START Data provided
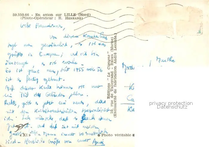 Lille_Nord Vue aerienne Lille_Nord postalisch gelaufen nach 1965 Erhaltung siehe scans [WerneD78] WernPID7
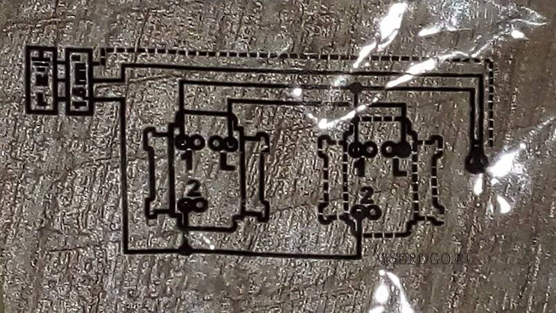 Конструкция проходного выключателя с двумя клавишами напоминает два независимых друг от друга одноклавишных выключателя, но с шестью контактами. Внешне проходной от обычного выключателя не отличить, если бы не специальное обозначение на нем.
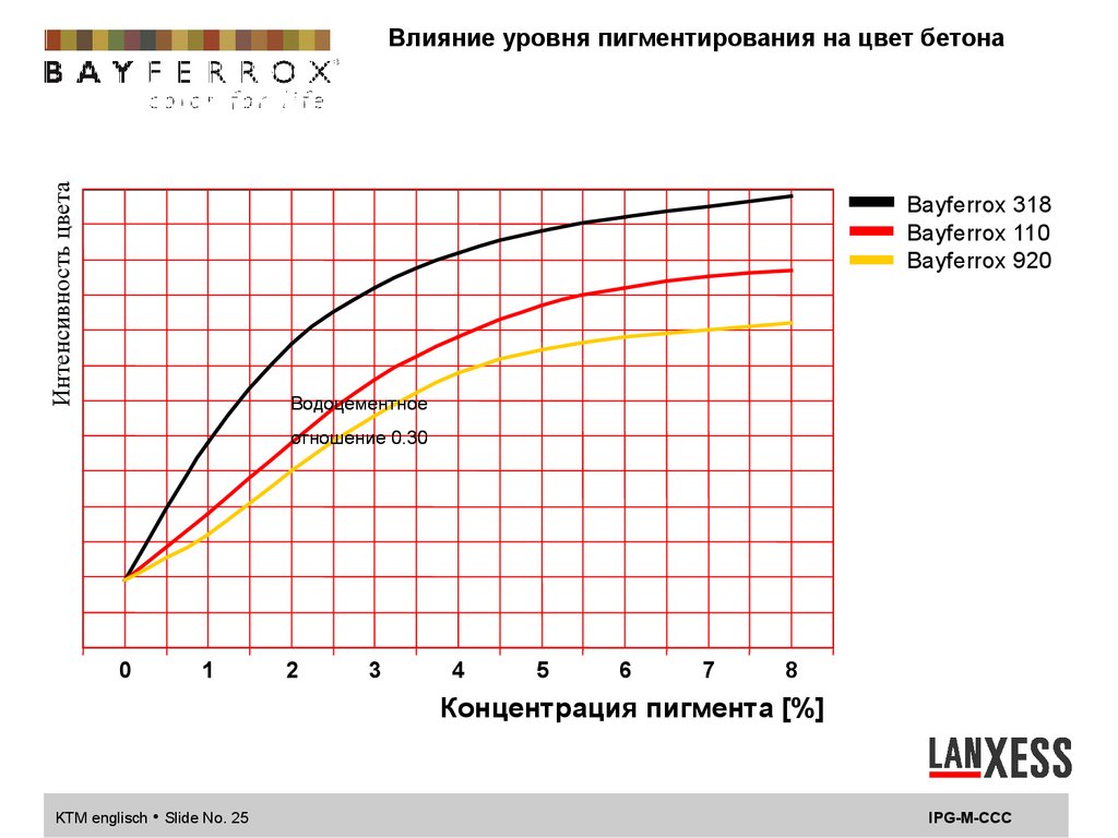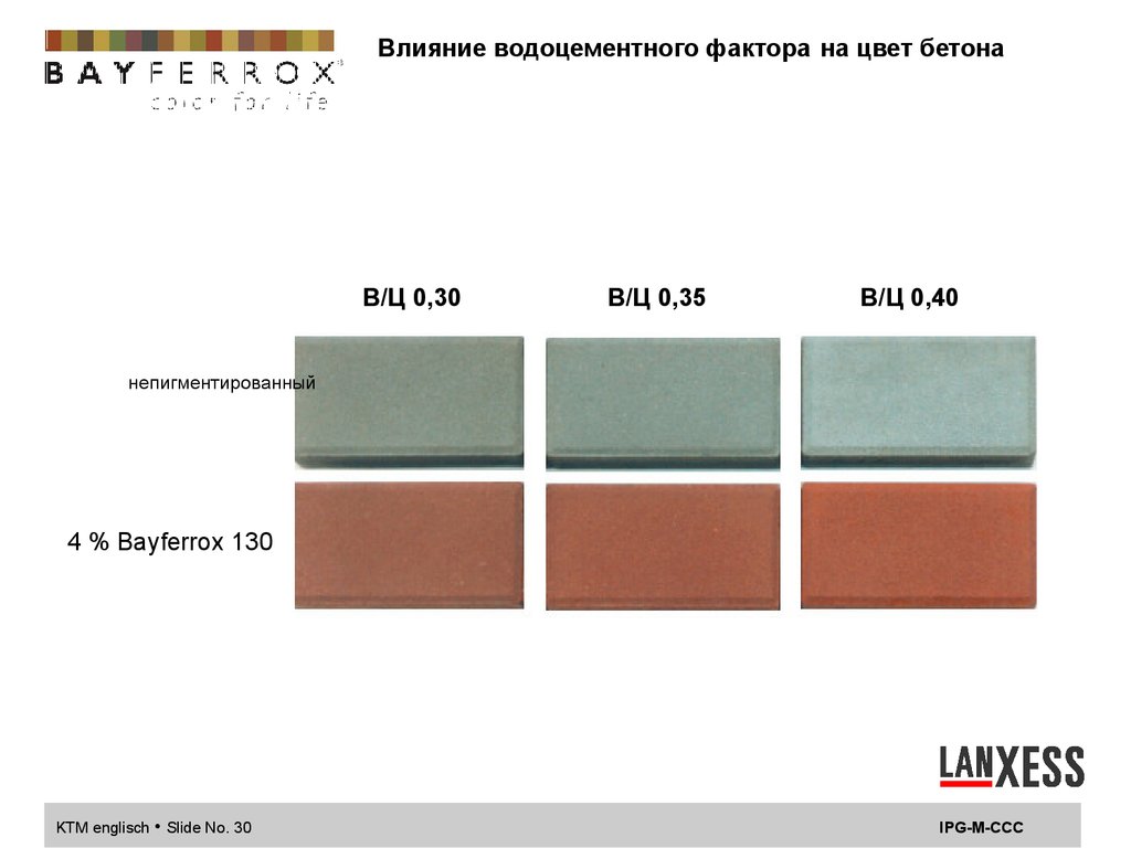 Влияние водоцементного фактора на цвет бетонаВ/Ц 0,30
END Data provided
# Task directions
Set down the material exactly as given, but print none of the pictures.

# Output of the task
 Lille_Nord Vue aerienne Lille_Nord postalisch gelaufen nach 1965 Erhaltung siehe scans [WerneD78] WernPID7
 Конструкция проходного выключателя с двумя клавишами напоминает два независимых друг от друга одноклавишных выключателя, но с шестью контактами. Внешне проходной от обычного выключателя не отличить, если бы не специальное обозначение на нем.
 Влияние водоцементного фактора на цвет бетонаВ/Ц 0,30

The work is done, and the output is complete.